The Holland Festival is back in June and this year it is celebrating its milestone 70th birthday. Julia Corbett spoke to the event’s artistic director Ruth Mackenzie who is bowing out after five years at the helm.
The programme of this year’s Holland Festival includes 17 world premiers, a befitting celebration for the longest-running performing arts event in the country. Since being launched in 1947, the Holland Festival has increased in size and popularity, becoming known around the world for bringing opera, modern dance, poetry and music to Amsterdam.
The festival’s notoriety for tackling controversial issues is also set to be reinforced with the theme of ‘Democracy’ taking centre stage. From London’s National Theatre’s new play about Brexit, to Richard Nelson’s trilogy The Gabriels which climax on Election Night in the USA last year, the public can get involved in debates surrounding what democracy means in the modern world.
Artistic director and British national Ruth Mackenzie was previously in charge of the culture festival that accompanied the London 2012 Olympics and has brought her enthusiasm for inspiring people to her role as artistic director for the Holland Festival since 2013.
With her penultimate festival taking place in just four months’ time and describing this year’s programme as the boldest line up that the Holland Festival has ever produced, she told DutchNews.nl: ‘I love the moment when you announce a programme and you can share the ideas of the artists with the public – and this year, the public have already been enthusiastic about the programme which is great.
‘The Holland Festival has a great tradition of sharing urgent issues, offering a place for provocation, as well as analysis, comfort and joy.
‘Our festival and its international artists have helped us face the future, and today we need the Holland Festival more than ever.’
Live performance, says Ruth, has the unique ability to bring people and communities together. ‘In a time when perhaps our society feels more fragmented, that sense of all being together, experiencing the same thing at the same time, creates a sense of community working well, which is very precious and of course very enjoyable.

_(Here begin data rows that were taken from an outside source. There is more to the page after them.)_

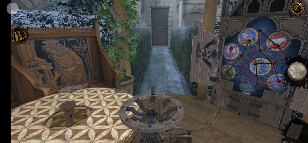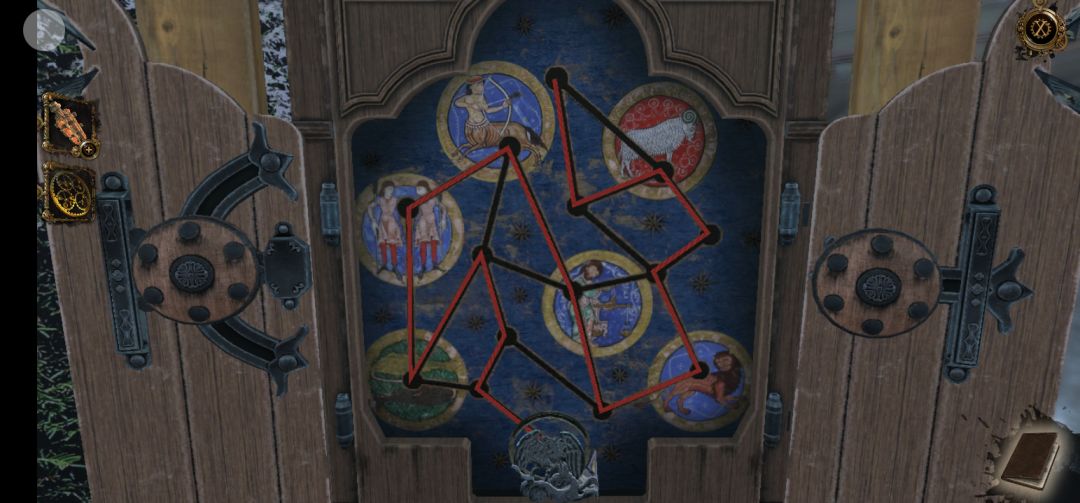 打开机关后,按照连接星座顺序解开圆桌上的机关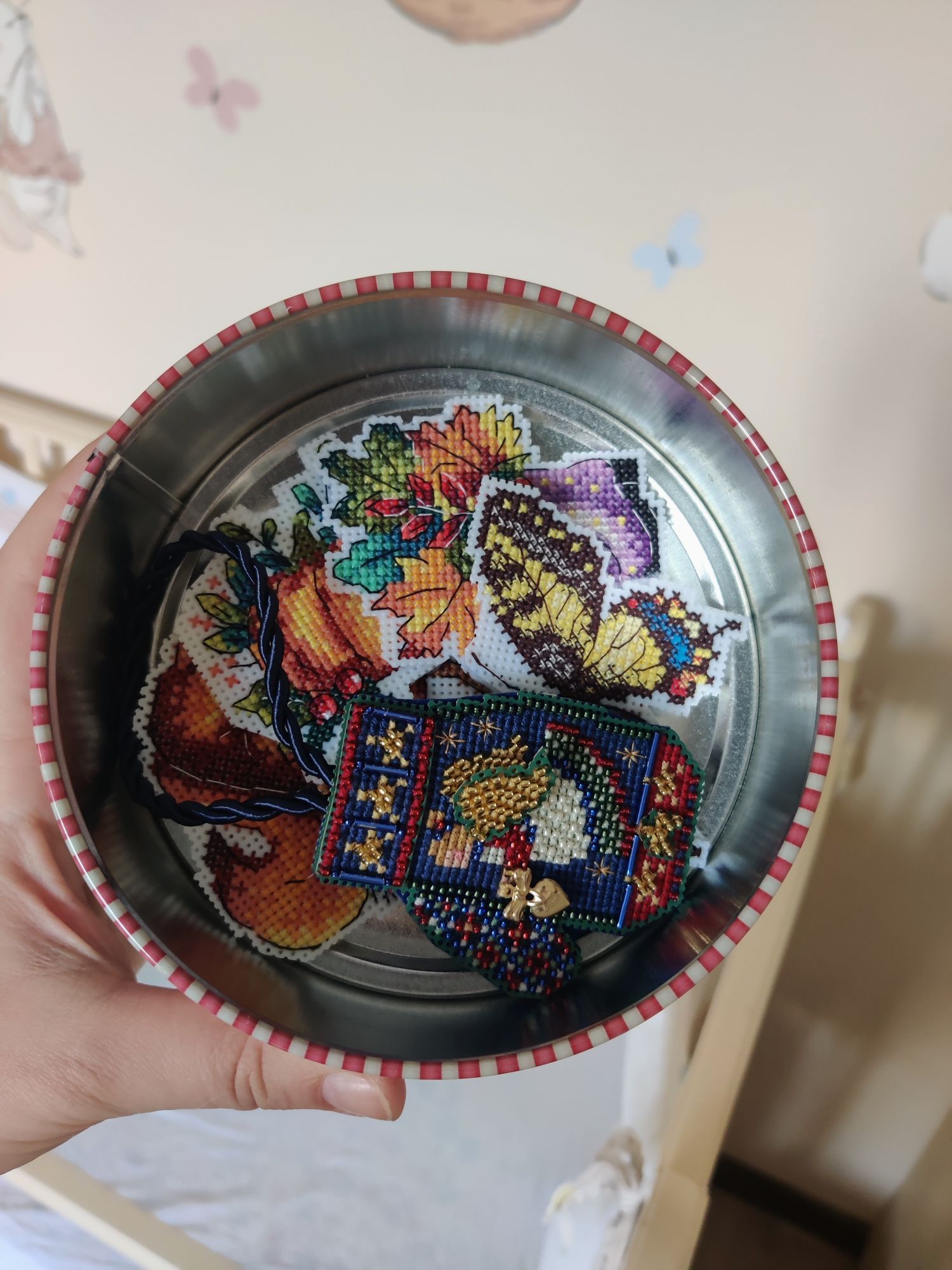 6 января 2022 Девочки! Спасибо вам всем за поздравления и пожелания! Я тут немножко выпала из форума - всей семьёй укатили дышать свежим воздухом на дачу к родственникам. В городе совсем отвыкла от неба в звёздах, по вечерам смотрела на непроглядную темень за окном, пока гуляли глядели на дубы колдуны в лесах, а вокруг участков многие красиво посадили аккуратные ели...а воздух какой!!! Красота же ж!!! В дорогу брала с собой из вышивки только кофточку дочке и Енотика Риолиса. ))) Фото в гайку, продолжение: 01.01.2022 в 13:15, AnnaMarie сказал(а): Кстати, вышив много наборов Дим, могу сказать, что некоторые миники были для меня потяжелее голдов - так они сложно шли... Так что, если этот набор не идет, то совсем не значит, что у тебя и другие не пойдут... С Новым 2022 годом!!! И тебя с Новым 2022 годом!! Пусть принесет только радость и счастье! Надо дотюкать маяк,взяться за котенка и проверить! Мне у Дим многие сюжеты нравятся (медовый мишка, например,такой хорошенький!). Но вот сложности эти как в моем маяке не нравятся вовсе. Может нет настроения нужного, когда думаешь "ого-го сколько всего в такой крохе понатыкано-то! Это же самая лучшая отдыхалочка от любого процесса! Ух,дайте две!". У меня пока "ух! Удавлюсь на люстре,но дошью!" 01.01.2022 в 14:16, ole4k@ сказал(а): Лера, с Новым годом! Пусть все задуманное исполнится! И тебя! Пусть наши мечты обязательно сбудутся! Как у Газпрома. 01.01.2022 в 14:16, ole4k@ сказал(а): Вот лиса у меня просто летела и я ее вышила для своих темпов очень быстро. Но северное сияние Мало того, что там металлизированная нить, которая путается все время и ей нужно шить поверх других вышитых крестиков, так я еще постоянно ошибаюсь в нем и распускаю. Причем интересно, что тот участок, на который все жалуются, я вышила быстро. А вот угол один никак не могу А у меня еще заныканы наборы красивые. И еще я тут недавно осознала, что воздушные шары-то оказывается на 18 канве. Короче не знаю как я буду все это шить Но лиса была не из голдов, может поэтому проще. Там полукрест максимум в 4 нити был и зашивка неполная. Лиса у тебя шикарная, но я никогда бы не подумала что она летела! Ну а Северное сияние это не для слабонервных, ещё и металлик если, то надо терпеть до победного финиша доковыркивая крестики. Бери эту вышивку измором! В закромах у тебя красоты много! Может поймаешь настрой и пойдет в удовольствие?! А почему бы и нет, в конце концов, всё же в жизни бывает. ))) 01.01.2022 в 14:16, ole4k@ сказал(а): Какие классные получились. Спасибо, я люблю пластик. ))) Завела наконец коробочку как у Маруси, под пластиковые забавы: Правда, только со второй попытки - первую доча сразу же себе забрала под резинки и заколочки. )) 01.01.2022 в 22:27, Isinka сказал(а): Лера, с новым годом тебя и твою семью! Пусть планы осуществляются, двигайтесь потихоньку к своей цели. Пусть малышка растёт и радует вас. Не болейте. Побольше времени на вышивальные радости)) Спасибо,Маш! И тебя с твоей богатырской ордой мужчин!! Пусть новый год будет самым лучшим для всех нас! 01.01.2022 в 22:52, amusante сказал(а): Лера, с Новым годом тебя! Пусть все желания сбудутся, а год принесет множество приятных и радостных сюрпризов. И тебя, Лиз, с Новым годом! Желаю тебе и твоей семье в новом году море-океан счастья и каждый день поводов улыбнуться!)) 01.01.2022 в 22:52, amusante сказал(а): В декабре совсем не было сил на форум =( постараюсь исправиться и почаще заходить сюда. Шикарные игрушки получились. 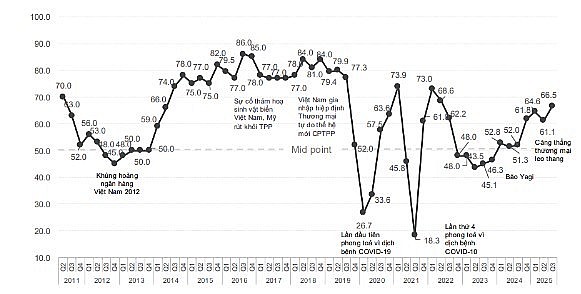Theo đó, Chỉ số BCI quý III/2025 đã tăng lên 66,5 điểm, nhờ nỗ lực đàm phán chủ động của Việt Nam cùng các biện pháp thúc đẩy đầu tư công và cải cách hành chính. Con số này vượt mức ghi nhận trước giai đoạn áp thuế đối ứng từ Hoa Kỳ và đạt đỉnh cao nhất trong 3 năm qua, phản ánh niềm tin lạc quan trở lại đối với triển vọng kinh tế và môi trường kinh doanh tại Việt Nam của các doanh nghiệp châu Âu.

‘I am so lucky to work as an artistic director, with amazing artists from all over the world – it is a thrill to work on the development of a new play or a new piece of music or a new idea, and I love seeing the work develop though rehearsals.
‘I try to see all the shows, so I work non-stop during the festival – I love all the venues, of course, but also the surprises, the new places – we are working in Casco in Amsterdam North, the Mercatorplein in the West district and the Anton de Komplein in the South-East district of Amsterdam, for example.’
As technology and digital innovation has advanced, the festival has adapted and now includes many multimedia artistic performances and is attended by artists from all over the world. This year a special focus on Indonesian music will offer crowds the chance to experience both new and traditional performances from the South-East Asian country.
In addition, Jonas Kaufmann, Jude Law, The Nile Project and Carol Ann Duffy will all be taking part in performances during the three weeks long festival period.
Although Ruth is leaving the festival next year, she has still been involved in the planning well into the future.
‘My personal high point will be the once in a lifetime aus LICHT with music by Karlheinz Stockhausen which we are doing at the Holland Festival 2019, with the Dutch National Opera and the Royal Conservatoire from The Hague,’ she says.
‘We did the world premiere of MITTWOCH aus LICHT, part of the same piece, for the London 2012 Festival as part of the cultural programme for the London 2012 Olympics, for which I was artistic director.
‘I thought at the time that would be my high point, but the exciting thing about my job is that I am always trying to find a new high point – I know that doing aus LICHT, a three day cycle by Stockhausen, will be the hot ticket for audiences from every continent in the world. Amsterdam June 2019 will be the most exciting place to be in the world.’
Over 140 free and ticketed performances, including 17 world premieres, will be taking place from June 3 to June 25 and tickets can be purchased from the festival website now.